__Problem requirements__
Begin at the line with "Üretimden yapılan satışlar" and output every line through the end of the records, exactly as given. Omit pictures.

# # # #

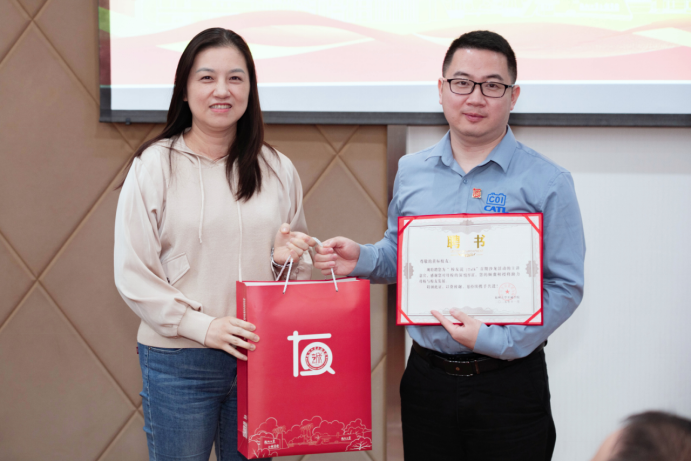 自由交流环节将活动现场气氛推向高潮。师生们与黄标校友围绕行业动态、职业发展路径等话题展开深入探讨,现场互动频繁,交流氛围热烈。为感谢黄标校友的精彩分享与大力支持,学院特别举行了聘书与纪念品颁发仪式,由邵艳群老师、陈小欢老师代表学院为其颁发纪念品与聘书。
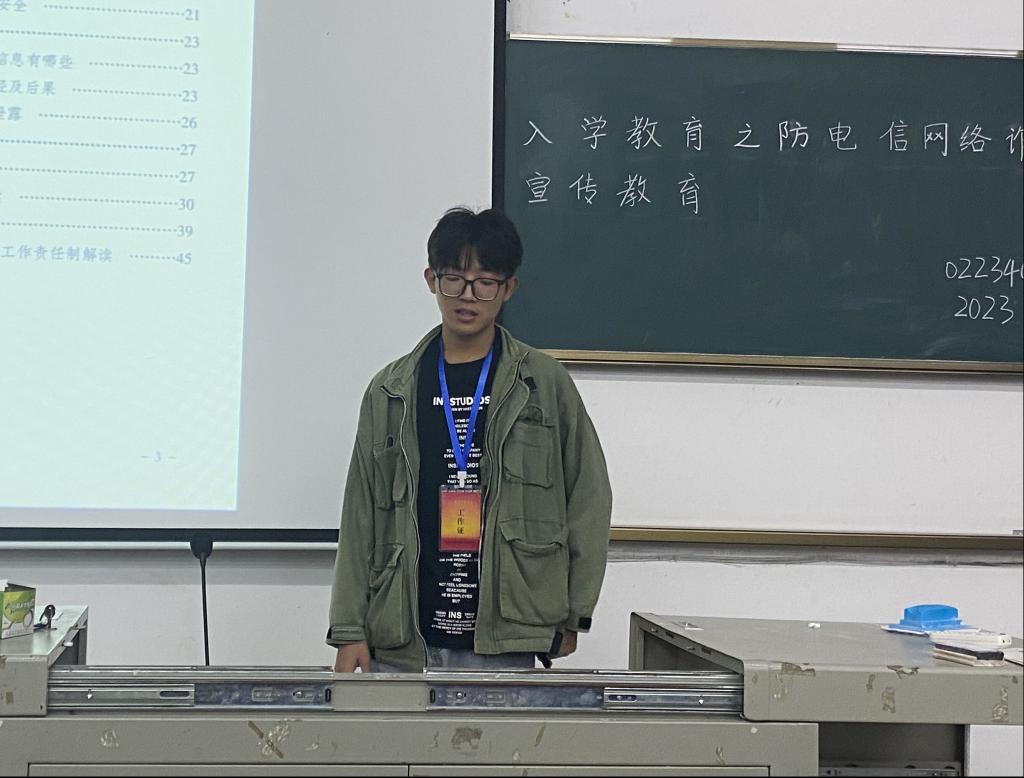 本网讯(见习记者 张婷 高小淼/文 张婷 高小淼/摄)为进一步提高同学们的安全防范意识,谨防电信网络诈骗,切实保障同学们的财产安全。10月26日晚,我院新生开展以“防范电信网络诈骗”为主题的宣传教育活动,本次活动由我院团总支负责,2023级全体新生参与。
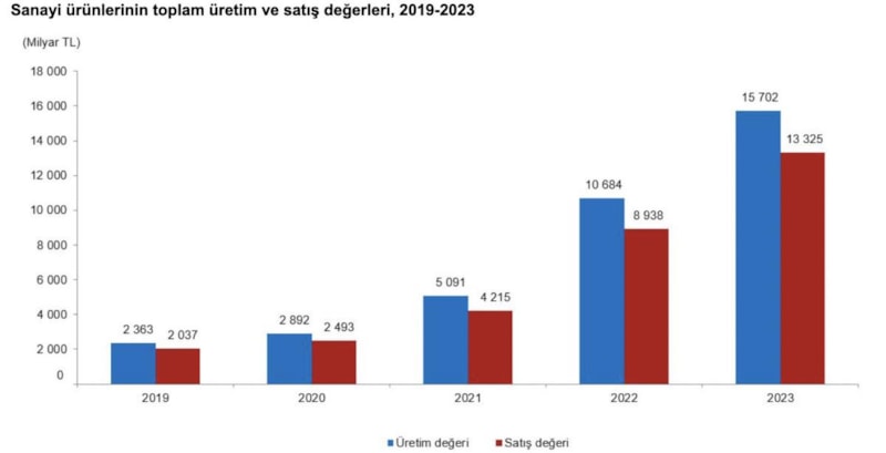 Üretimden yapılan satışlar 13 trilyon 325 milyar 110 milyon TL oldu
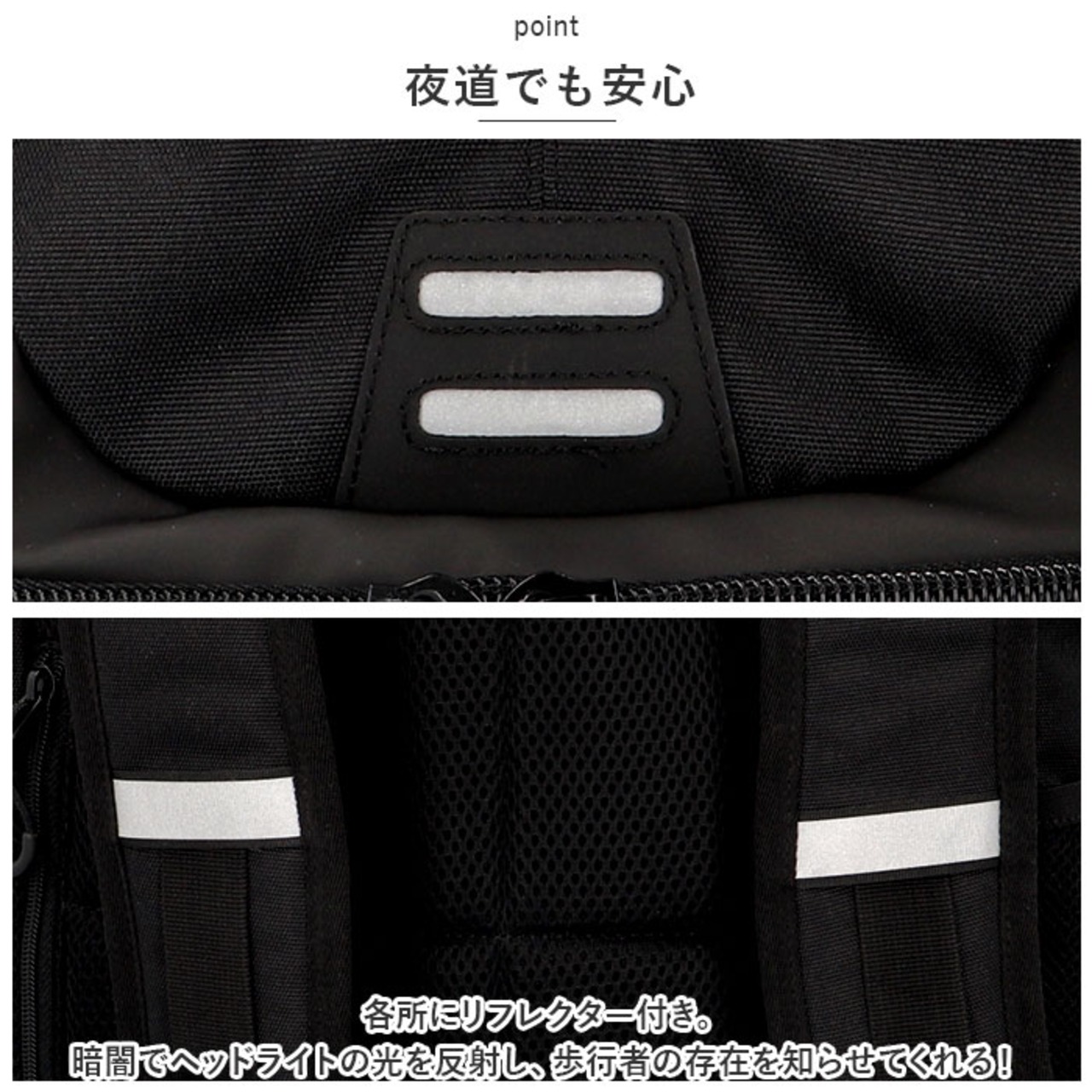 ・各所にリフレクター付き。暗闇でヘッドライトの光を反射し、歩行者の存在を知らせてくれる!
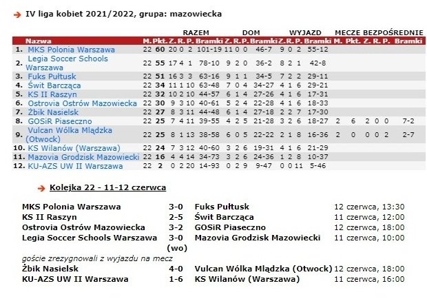Mecz z drużyną GOSiR Piaseczno odbył się 12 czerwca na stadionie przy ul. Warchalskiego w Ostrowi Mazowieckiej. Był to ostatni mecz sezonu 2021/2022. Dzięki zwycięstwu nad drużyną gości ostrowska drużyna kobiet uplasowała się na zakończenie sezonu na 6. miejscu w grupie mazowieckiej IV ligi kobiet.

# # # #

__Result__
 Üretimden yapılan satışlar 13 trilyon 325 milyar 110 milyon TL oldu
 ・各所にリフレクター付き。暗闇でヘッドライトの光を反射し、歩行者の存在を知らせてくれる!
Mecz z drużyną GOSiR Piaseczno odbył się 12 czerwca na stadionie przy ul. Warchalskiego w Ostrowi Mazowieckiej. Był to ostatni mecz sezonu 2021/2022. Dzięki zwycięstwu nad drużyną gości ostrowska drużyna kobiet uplasowała się na zakończenie sezonu na 6. miejscu w grupie mazowieckiej IV ligi kobiet.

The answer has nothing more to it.